Replies to #299657 on NorthWest Biotherapeutics Inc (NWBO)

drugrunner

08/12/20 8:37 AM

#299661 RE: alexander77 #299657

lol alex---

this was a significant problem in tumor treatment in the 2000s

pseudoprogression was thought to be an issue --then just plain progression with monoclonal antibodies

ROCHE DRUG kadcyla initially had similar issues thought to be progression even though the patients looked and felt great..

tumors were eventually removed and re-examined and found to be hollow shells and effectively dead... what started as a dime or nickel sized tumor grew to quarter size and died..

but this took years to recognize-- kadcyla is now a billion dollar breast cancer drug..

so for our purposes... our progression or PSEUDOPROGRESSION can be explained but telling the difference in real time is very difficult

but those who argue that dcvax failed PFS...

KNOW THIS AND ARGUE AGAINST ITS EFFICACY

exwannabe

08/12/20 8:40 AM

#299662 RE: alexander77 #299657

Never heard of pseudoprogression of course, never heard of SAP of coursz, never heard of the difficult path Yervoy ewperenced (was almost stopped in an early phase 3 phase).


I presume you are asserting I am ignoring these.

psPD is certainly real. And it very possibly could be the root cause of much of what has happened to this trial. And it could actually be a good thing wrt DCVax-L actually working (both AVII and myself pointed this out years ago). But if you do not think failing the primary endpoint is not a concern you do not understand the space at all.

I have known what a SAP was before it became the buzzword du jour in this caffe. I have actually taken the time to read and understand a few. They are fairly dry documents that detail numerical analysis of the endpoints. The actual endpoint should be in the protocol (though there is a lot of space for fuzz here).

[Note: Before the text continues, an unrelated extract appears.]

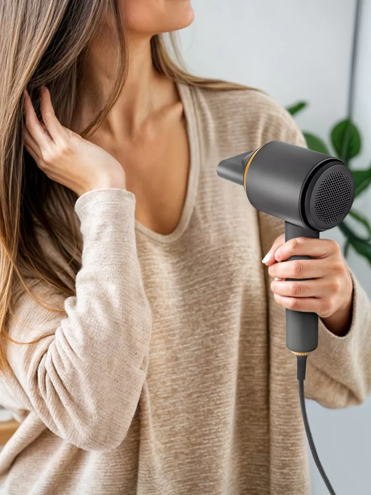 Корпус фена выполнен из пластика, эргономичная ручка фена удобно лежит в руке. Насадка-концентратор направляет поток воздуха именно на прядь волос, позволяя ей высохнуть намного быстрее, что значительно ускоряет время укладки. Установить насадку концентратор очень просто: она сама примагничивается к соплу фена. Насадку можно вращать на 360°.

I also know NWBO was talking non-stop of the SAP bu never said they actually submitted the IND modification. Sounds to me like they never did, and likely because the FDA warned them that a change this late would be viewed as post-hock and put the trial in danger.

You are right I never heard of Yervoy's difficulties in early phase 3. I do know that it entered the clinic after DCVax-L and was approved almost a decade ago. I guess I consider 9 years from entering the clinic to approval about normal.